▶ [What needs to be done]
Your copy should begin with the line containing "Happy Birthday to", end with the line containing "Trouve long sleeve", match the listing below exactly, and contain no pictures.

== == ==

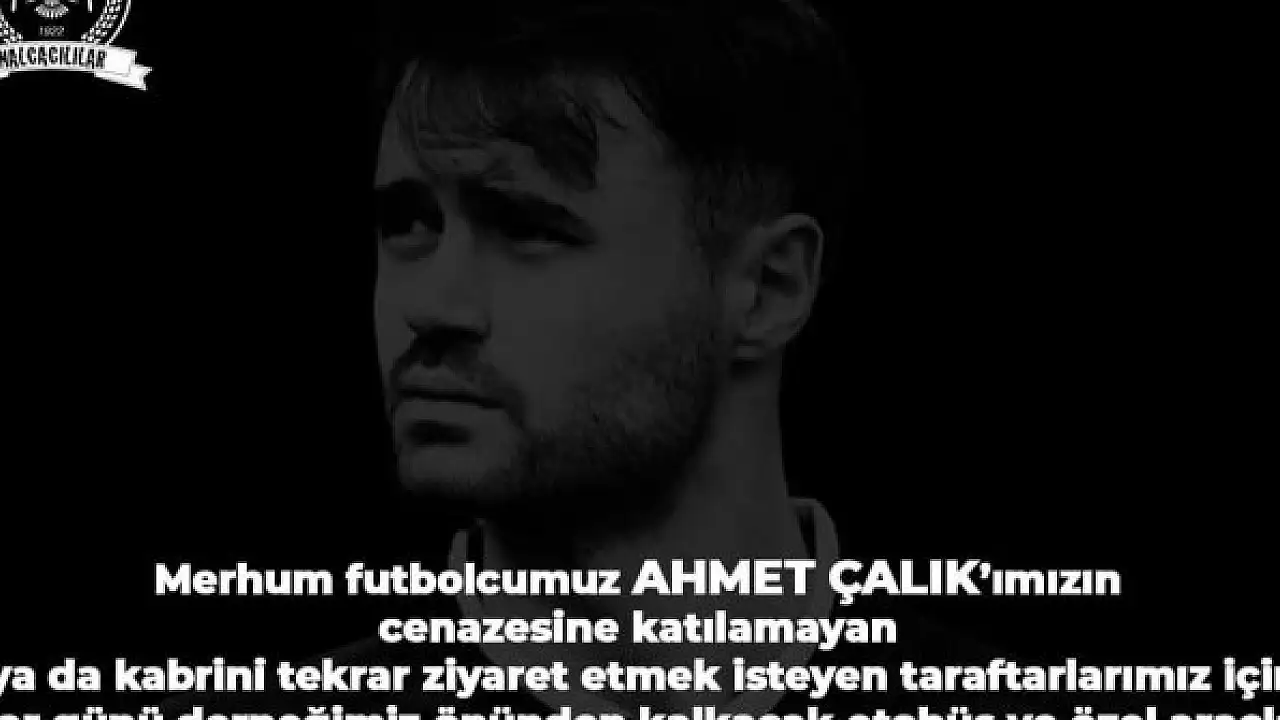 Nalçacılılar'dan yapılan açıklamada, "Merhum futbolcumuz Ahmet Çalık'ımızın cenazesine katılamayan ya da kabrini tekrar ziyaret etmek isteyen taraftarlarımız için Pazar günü derneğimiz önünden kalkacak otobüs ve özel araçlarla Ankara'ya hareket edilecektir. Katılmak isteyen taraftarlarımızı Pazar sabah saat 08:30'da Nalçacı'daki derneğimize bekliyoruz" ifadelerine yer verildi.
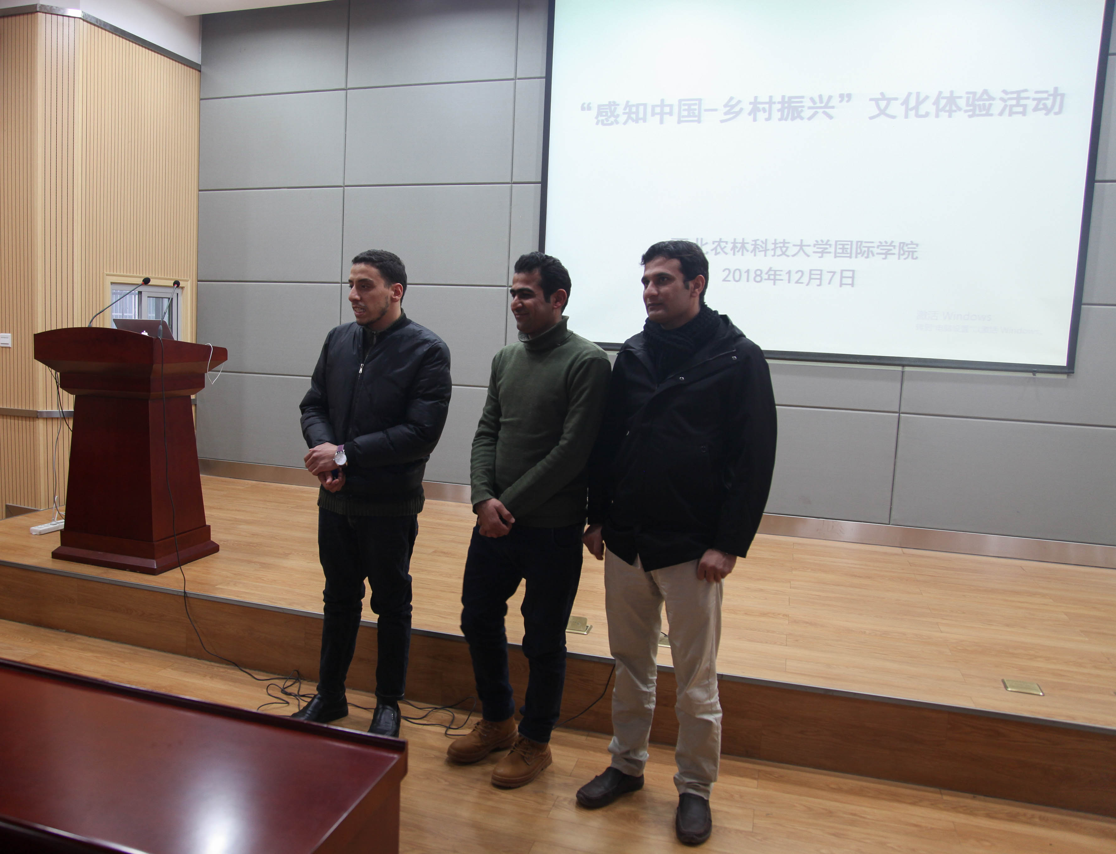 来自巴基斯坦的金乐天、吴可凡和来自埃及的罗伟三名在校职工同样也参加了《黄土高天》的拍摄,在观看剧情后谈到“我们在剧情中饰演的是bevictor伟德教授的研究生,导师请我们在尚特梅斯庄园吃饭,期间他给我们讲中国改革开放以来农村的发展变迁以及农民的奋斗历程。结合上一次‘感知中国’活动我们去参观蒋家寨,了解到当地产业和经济的发展依托于西农在村里建起的‘专家大院’,亲眼见证了高等农业院校发挥资源优势,服务地方经济发展,助力乡村振兴战略。我们有幸参与其中,学到了很多东西,开阔了眼界,真的非常开心”。
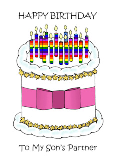 Happy Birthday to Partner of Gay Son Cartoon Cake and Candles
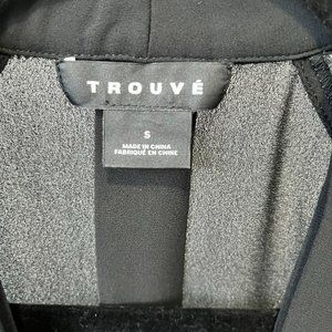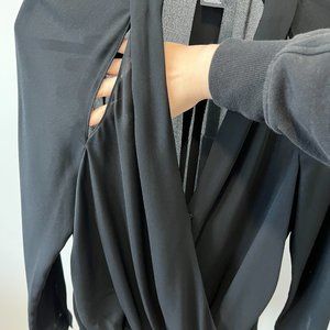 Trouve long sleeve sheer blouse in black. Beautiful cross-over style with cut-out details along neckline. Can be dressed up or down, great for going out. Size small.
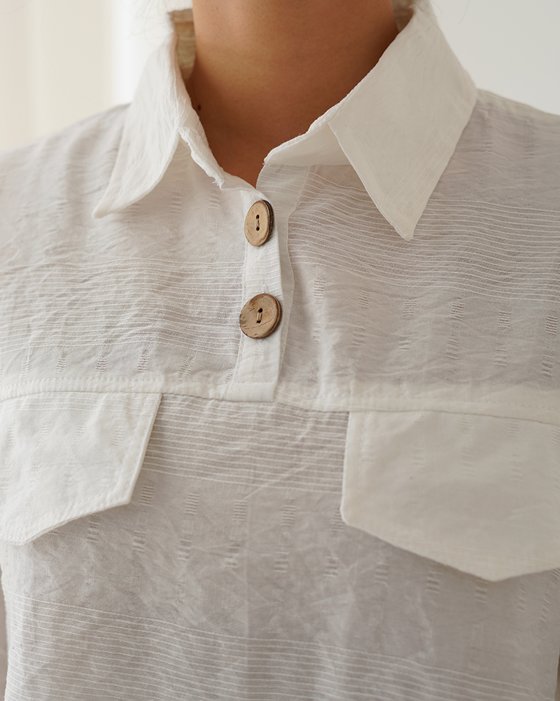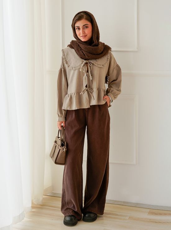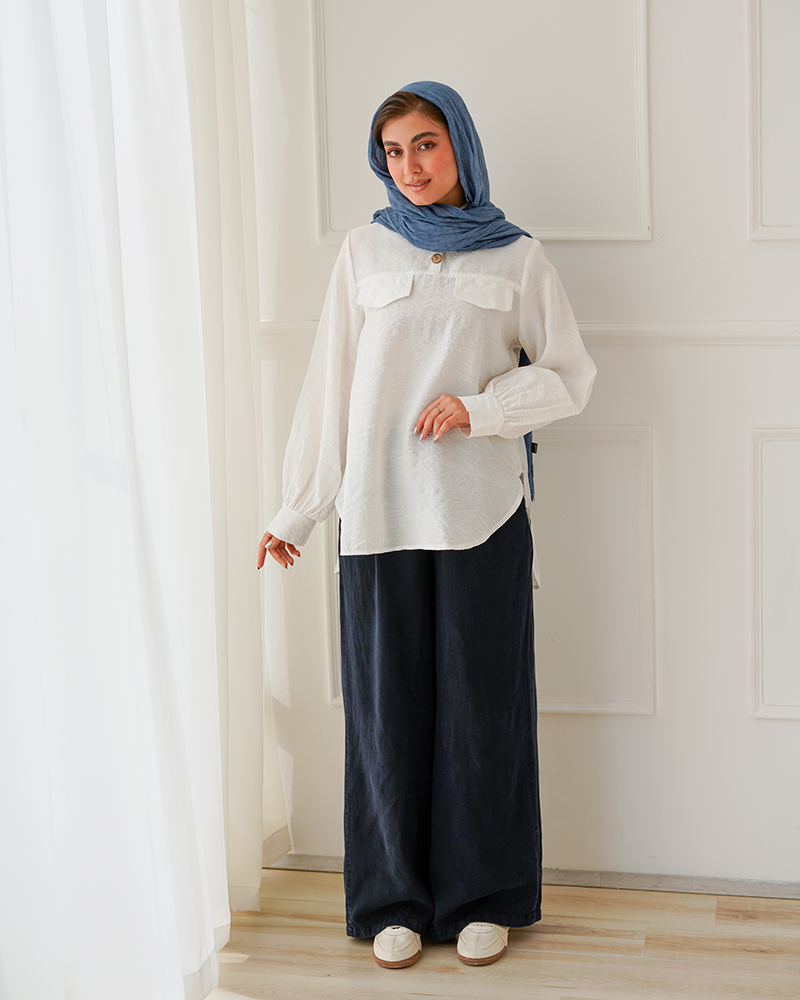 - توضیحات محصول: جنس شومیز، کتیبه است. شومیز جلو بسته می باشد. شومیز یقه مردانه و دکمه های یقه کاربردی هستند. جیب ها نما می باشد.
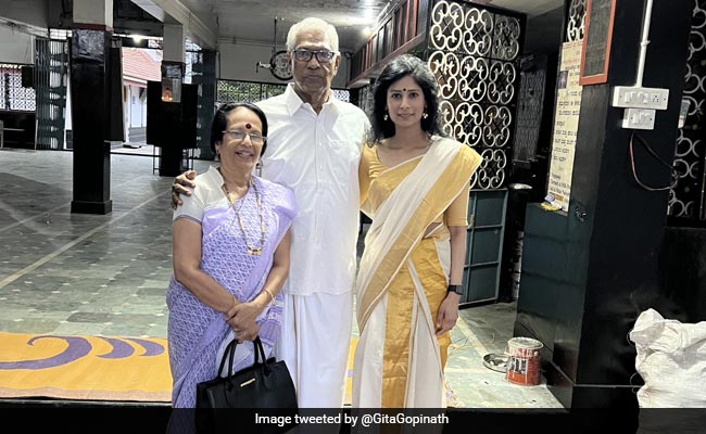 Gita Gopinath, Indian-American economist, celebrated her father's 85th birthday on May 11 and shared a photo on Twitter. In the photo, we could also see her mother. All three of them were dressed in traditional attire. While Ms Gopinath wore a white and gold saree, her father, TV Gopinath, was dressed in all white. Her mother, too, had worn a saree.
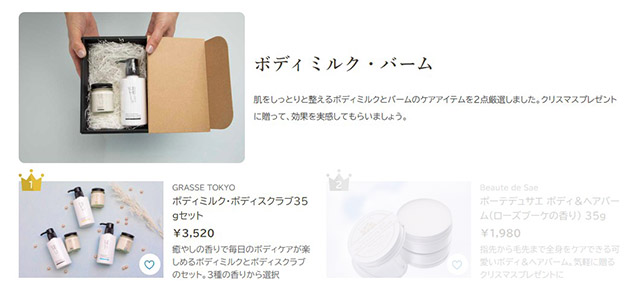 《クリスマスプレゼントに喜ばれるおすすめボディケアギフト15選》 掲載商品「ボディミルク」「ボディスクラブ」 >>掲載記事はコチラ |
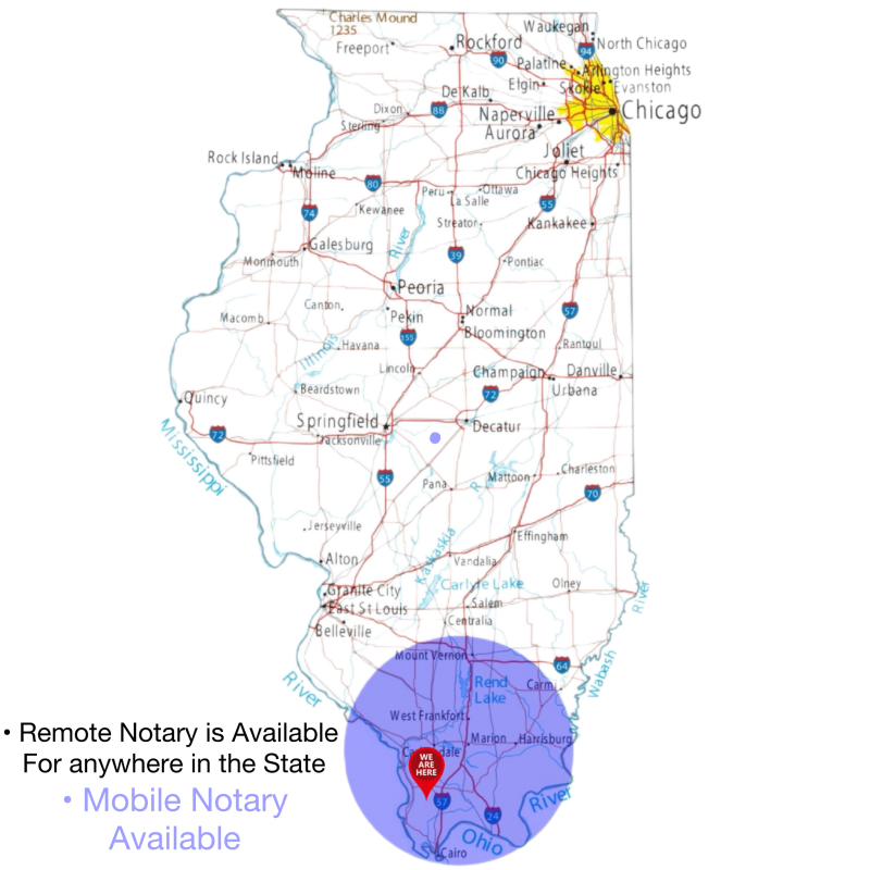 At Springville Hill we offer a variety of services including remote, mobile, and on-site notary serves. Allowing us to offer notarial services to anyone in Illinois, So no matter where you are located in Illinois we are near you, with our remote notary option. We are located in Union County in Southern Illinois within an easy driving distance of Jonesboro, Anna, Tamms, Dongola, Ullin, Cobden, Lick Creek, Mounds, Cairo, Carbondale, and more! We strive to have the best notary services around.
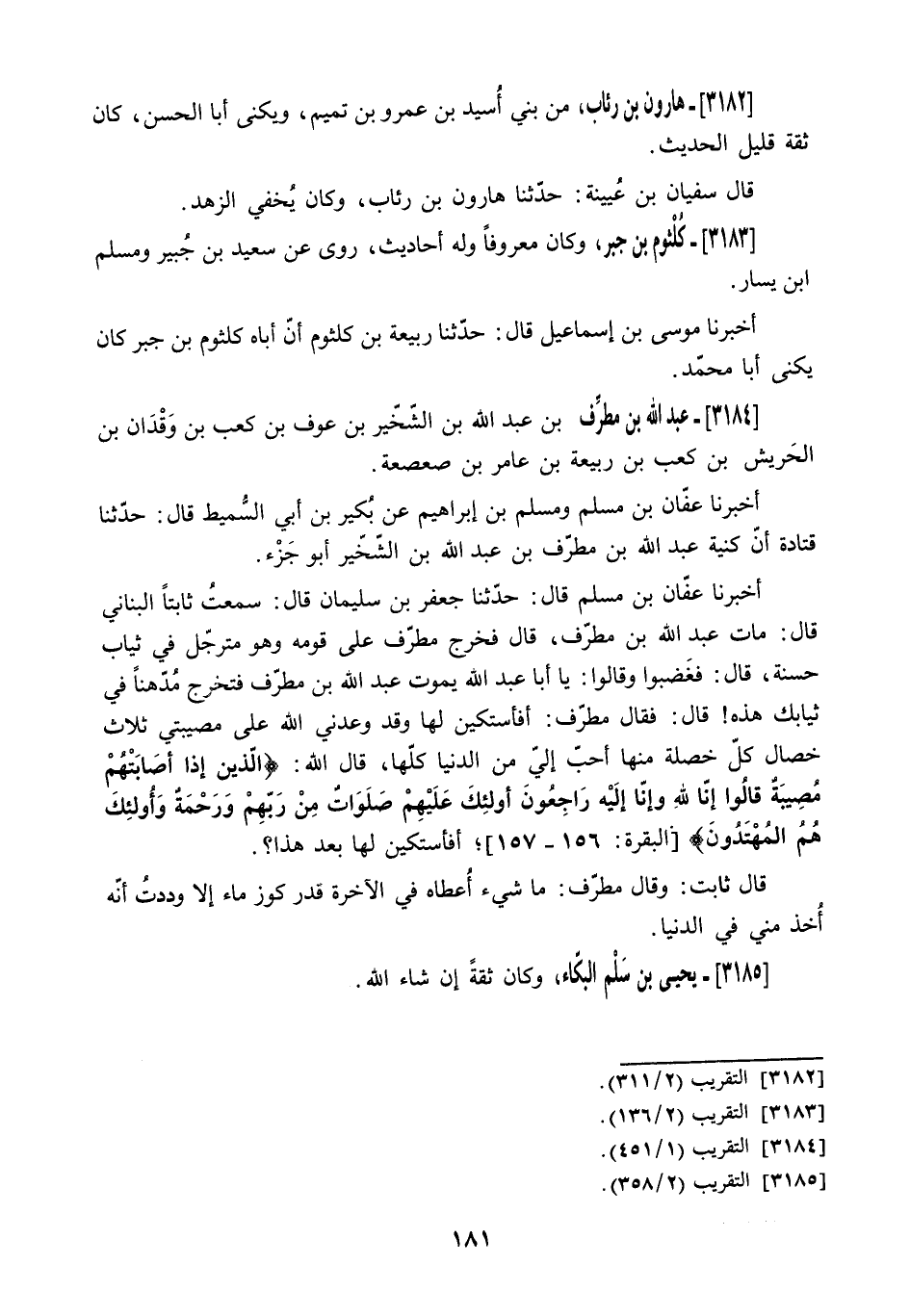 أَخْبَرَنَا عَفَّانُ بْنُ مُسْلِمٍ قَالَ: حَدَّثَنَا جَعْفَرُ بْنُ سُلَيْمَانَ قَالَ: سَمِعْتُ ثَابِتًا الْبُنَانِيَّ قَالَ: مَاتَ عَبْدُ اللَّهِ بْنُ مُطَرِّفٍ. قَالَ فَخَرَجَ مُطَرِّفٌ عَلَى قَوْمِهِ وَهُوَ مُتَرَجِّلٌ فِي ثِيَابٍ حَسَنَةٍ. قَالَ: فَغَضِبُوا وَقَالُوا: يَا أبا عَبْدِ اللَّهِ يَمُوتُ عَبْدُ اللَّهِ بْنُ مُطَرِّفٍ فَتَخْرُجُ مُدَّهِنًا فِي ثِيَابِكَ هَذِهِ! قَالَ: فَقَالَ مُطَرِّفٌ: أَفَأَسْتَكِينُ لَهَا وَقَدْ وَعَدَنِي اللَّهُ عَلَى مُصِيبَتِي ثَلاثَ خِصَالٍ كُلُّ خَصْلَةٍ مِنْهَا أَحَبُّ إِلَيَّ مِنَ الدُّنْيَا كُلِّهَا. قَالَ اللَّهُ: «الَّذِينَ إِذا أَصابَتْهُمْ مُصِيبَةٌ قالُوا إِنَّا لِلَّهِ وَإِنَّا إِلَيْهِ راجِعُونَ أُولئِكَ عَلَيْهِمْ صَلَواتٌ مِنْ رَبِّهِمْ وَرَحْمَةٌ وَأُولئِكَ هُمُ الْمُهْتَدُونَ» البقرة: 156- 157. أَفَأَسْتَكِينُ لَهَا بَعْدَ هَذَا؟.

== == ==

▶ [The completed task]
 Happy Birthday to Partner of Gay Son Cartoon Cake and Candles
 Trouve long sleeve sheer blouse in black. Beautiful cross-over style with cut-out details along neckline. Can be dressed up or down, great for going out. Size small.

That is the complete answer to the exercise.